Like most people, I try to be even more intentional about gratitude and giving thanks during this part of the holiday season. Like most people, I set good intentions for not letting the small stuff get to me, and for being voraciously joyful for the many, many wonderful things, people, and privileges I have to celebrate in my life. And, like most people, my daily gratitude rituals start to slip away, fettered by the day-to-day grind and/or the problems that loom heavy and merciless.
I have a gratitude journal by my bedside. I have written in it for about 16 days of the past month. The days I skipped were probably the days I needed this practice the most, and yet whatever happened those particular days made me reluctant to pick up my pen. Instead I filled that time with tears or stress or staying up too late obsessing about something on the computer (etc.).
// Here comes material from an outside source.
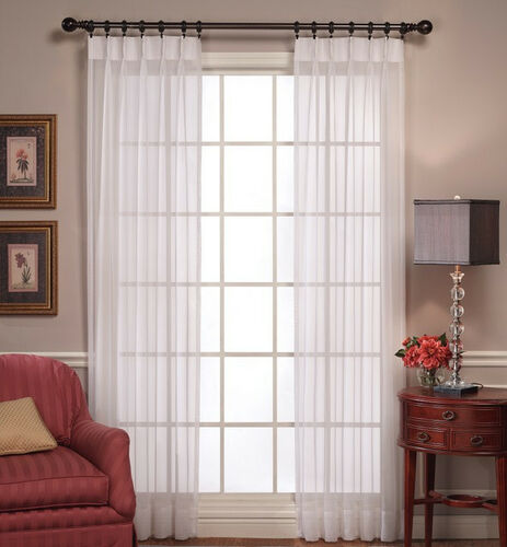 This lot includes sheer pinch pleated drapes. Color is White or Ecru. sizes include: 48x63 48x84 96x63 96x84 - Each drape is sold as a pair. (you get a left panel + a right panel) - The hooks shown to hang the drapes are NOT included - The stated sizes includes both panels (so the 48" wide pair includes 2 panels that are 24" wide each) - 100% machine washable polyester

For those of you who follow the blog (and for those of you who know me in real life), you know it’s been a difficult fall. It’s been an autumn of transitions and changes. An autumn of sitting with impermanence and loneliness and loss. An autumn when the death of the leaves on the trees took on new meaning.
And yet, it has also been an autumn that—both because of and in spite of those things—has led to great growth and incredible new experiences. I started a job I love. I’ve thrived even more at the yoga studio in Boston than I had in Minneapolis; I teach more classes, more formats, and got to add Yoga Sculpt to my repertoire. I have been able to re-connect with a couple very dear friends who have welcomed me to the Boston area with the kindest open arms. I’ve learned to make it in a big city on the East Coast (something I’d been daydreaming about since my 4th grade obsession with Friends! :)).
For both the hardships and the celebrations, I am truly grateful.
And then there are all the things I so easily take for granted: Almost perfect health. A cozy apartment. The ability to purchase and prepare fresh, nutritious food. A strong body that carries me through daily tasks, rigorous exercise, and a consistent yoga practice.
These are incredible gifts and although it seems near impossible to be as grateful for them as I ought to be on a daily basis, I am happy to take this opportunity to reflect on and bask in the immense fortune these things provide me.
Most importantly, despite this being such a challenging time, I am grateful for and humbled by the amount of love I have in my life. Even when distance threatens to weaken the ties I have with my family and chosen-family/friends, I am, time and again, reminded that some relationships are bigger than circumstance. I have written before about my scattered homes and communities, but to my delight, those homes and communities have found ways to show up for me when I’ve needed them the most, even if it took effort. Phone calls, letters, visits, care packages, texts—-every little thing has been a reminder that our life really is about the connections we have with other people. That my friendships are being nurtured and maintained even when the odds are stacked against us is a testament to the realness of these relationships, and for this, I am grateful beyond measure.
And today, this morning, I’m grateful to be home with family. I’m about to go watch the parade with my mom (my absolute favorite tradition!) and then after that we’ll join the rest of our family for food and conversation and love. Mom and I spent hours working on some amazing vegan dishes and I’m excited to share pictures and recipes soon!
Life is a great struggle for us all. I so look forward to this day every year because it carves out a space for so many people, all at once, to sit with feelings of joy and abundance. What a rare and special energy with which to fill our world.
I hope you are able to sit with your gratitude today. And even better if you can sit with them in the company of loved ones.
<3 <3 <3
Last but not least, (and on a very different note), I can’t talk about Thanksgiving without talking about the history of the holiday. We’ve made it a holiday about giving thanks and sharing time with family, but it began in the context of colonialism and genocide. Like Chelsea Manning says in this wonderful Thanksgiving tribute, “I’m thankful for people who….despite having been taught, often as early as five and six years old, that the “helpful natives” selflessly assisted the “poor helpless Pilgrims” and lived happily ever after, dare to ask probing, even dangerous, questions.” The truth behind these questions reveal a history that has set the scene for our world today; one in which oppression remains the status quo. I’m thankful for those who have the courage and the energy to resist injustice and fight back.